■ REQUIRED ACTION ■
Restate the listing below word for word; no picture is to be carried over.

■ GIVEN MATERIAL ■

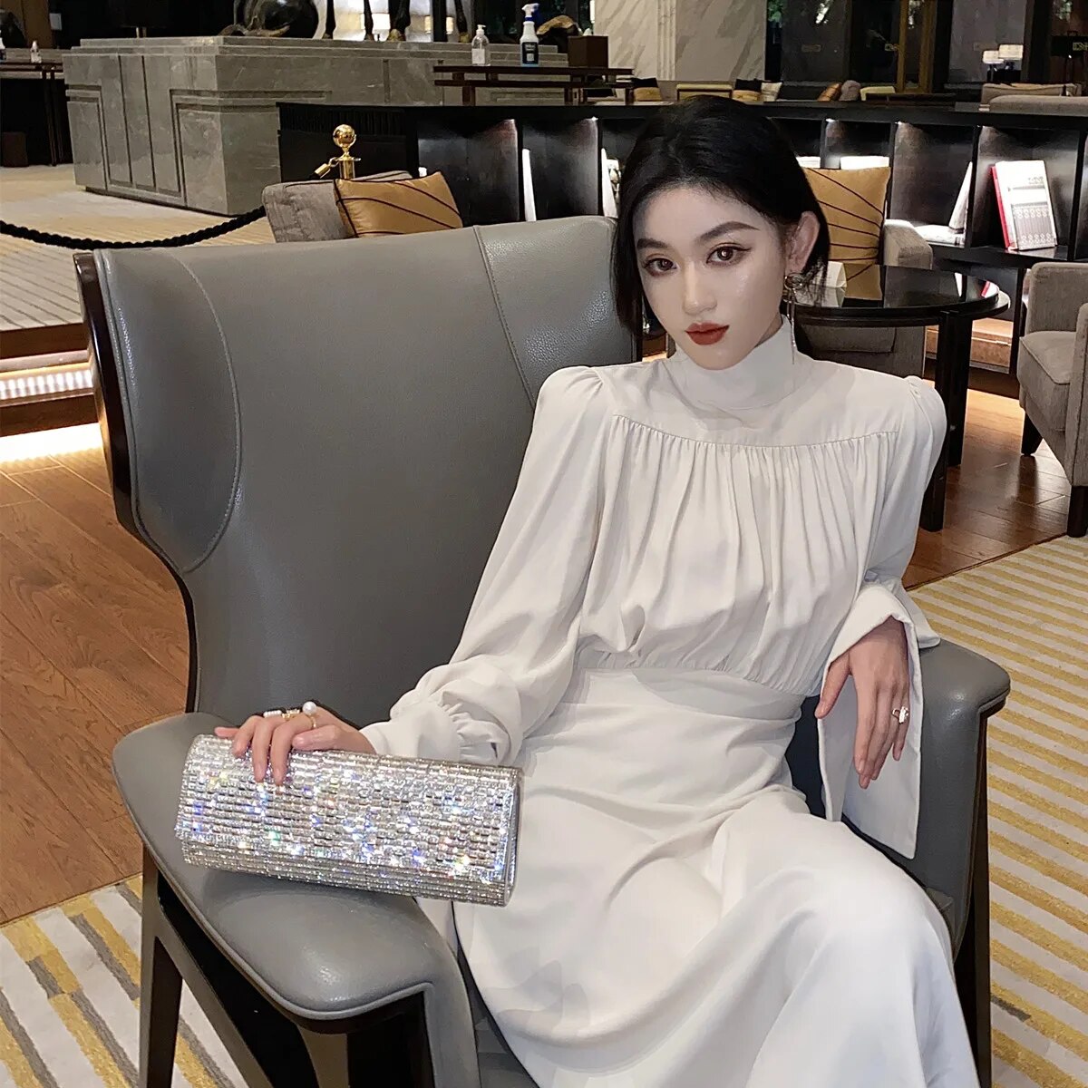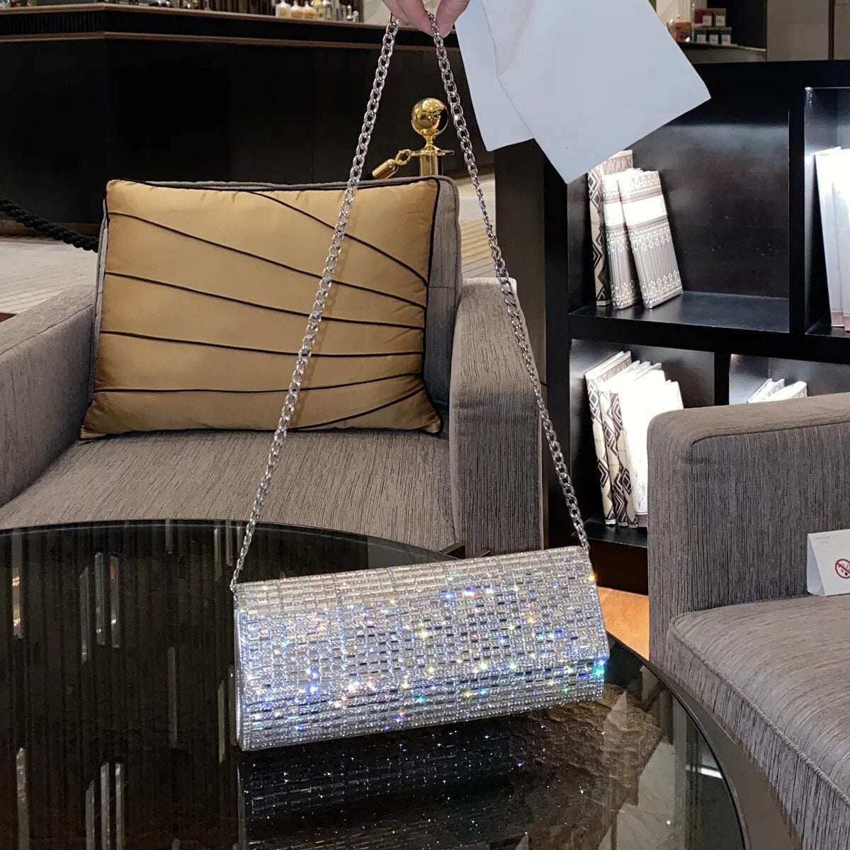 Nossa Clutch de strass é ideal para quem busca adicionar um toque de brilho a uma ocasião especial. Com uma combinação fascinante de brilho, sofisticação e fibras, essa bolsa é o acessório perfeito que pode ajudar a elevar o seu estilo.
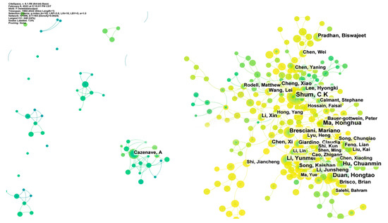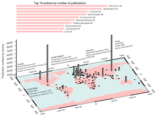 According to the analysis, a total of 183 countries published relevant literature. There are 10 countries that have more than 1000 publications: the United States (9424), China (8960), Germany (2508), Canada (2096), the United Kingdom (2056), India (1977), France (1973), Italy (1386), Australia (1374), and the Netherlands (1082). It is estimated that more than 80,000 authors and 8000 affiliations have made contributions to this field. As shown in Figure 3, the Chinese Academy of Sciences (CAS), National Aeronautics and Space Administration (NASA), Centre National de la Recherche Scientifique (CNRS), and Helmholtz Association contributed 34% of the literature, which represents the main portion of the publications. In addition to these institutions, universities such as the University of California, the University of Colorado, the University of the Chinese Academy of Sciences, and Wuhan University in China have also published more than 600 articles. The top 10 authors by the number of publications are also shown in Figure 3 below, including Shum CK (83), Ma RH (79), Li YM (69), Duan HT (68), Hu CM (63), Bresciani M (60), Pradhan B (58), and Song KS (53).
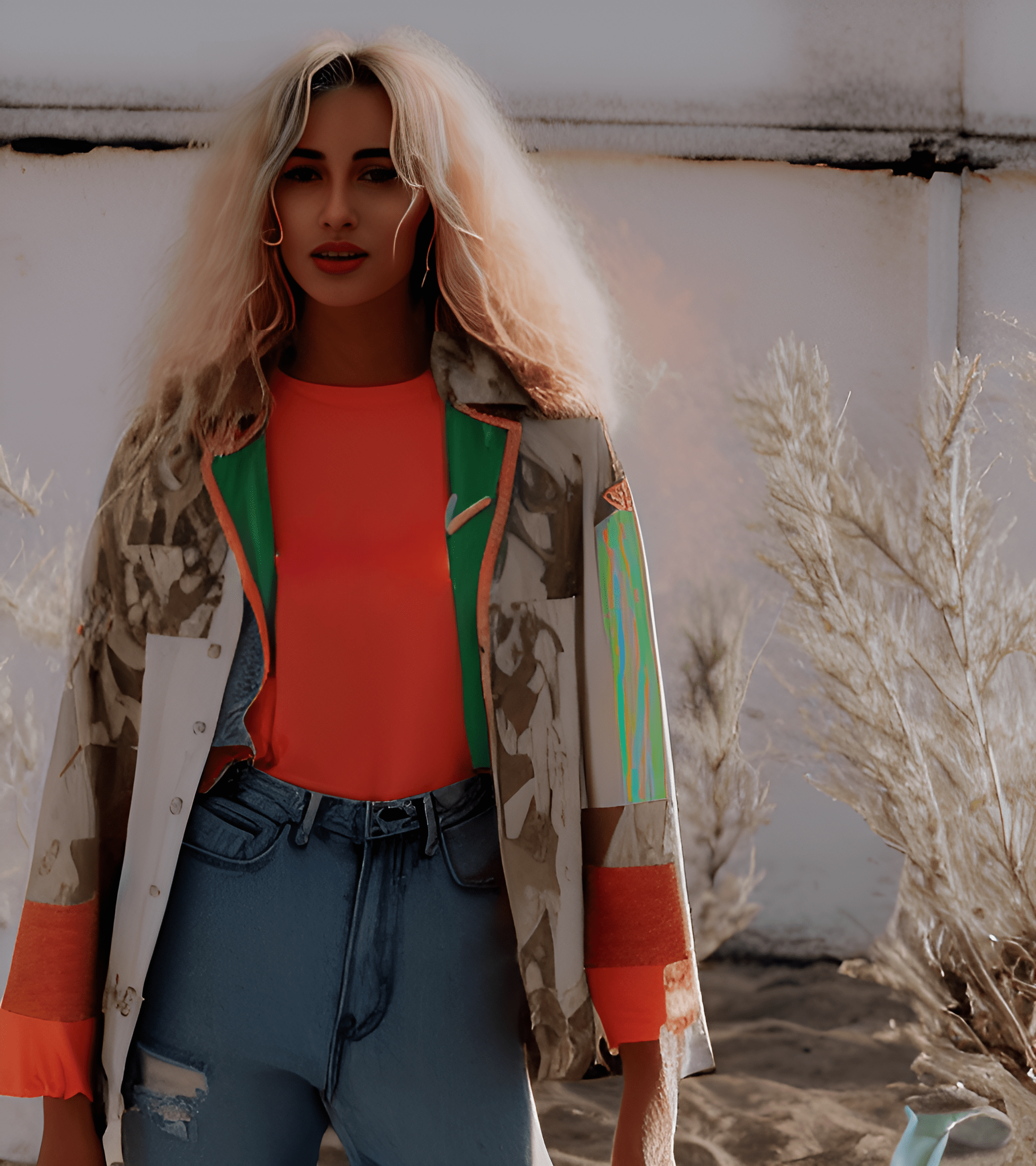 Stratosphere walkaway in a decommissioned launch base. Smooth composite fabrics in mission-blue and jetfoil orange. Neon piped veins trail down her limbs. Utility earrings spark softly as she turns. Zero drag. Full voltage.

■ WRITTEN SOLUTION ■
 Nossa Clutch de strass é ideal para quem busca adicionar um toque de brilho a uma ocasião especial. Com uma combinação fascinante de brilho, sofisticação e fibras, essa bolsa é o acessório perfeito que pode ajudar a elevar o seu estilo.
 According to the analysis, a total of 183 countries published relevant literature. There are 10 countries that have more than 1000 publications: the United States (9424), China (8960), Germany (2508), Canada (2096), the United Kingdom (2056), India (1977), France (1973), Italy (1386), Australia (1374), and the Netherlands (1082). It is estimated that more than 80,000 authors and 8000 affiliations have made contributions to this field. As shown in Figure 3, the Chinese Academy of Sciences (CAS), National Aeronautics and Space Administration (NASA), Centre National de la Recherche Scientifique (CNRS), and Helmholtz Association contributed 34% of the literature, which represents the main portion of the publications. In addition to these institutions, universities such as the University of California, the University of Colorado, the University of the Chinese Academy of Sciences, and Wuhan University in China have also published more than 600 articles. The top 10 authors by the number of publications are also shown in Figure 3 below, including Shum CK (83), Ma RH (79), Li YM (69), Duan HT (68), Hu CM (63), Bresciani M (60), Pradhan B (58), and Song KS (53).
 Stratosphere walkaway in a decommissioned launch base. Smooth composite fabrics in mission-blue and jetfoil orange. Neon piped veins trail down her limbs. Utility earrings spark softly as she turns. Zero drag. Full voltage.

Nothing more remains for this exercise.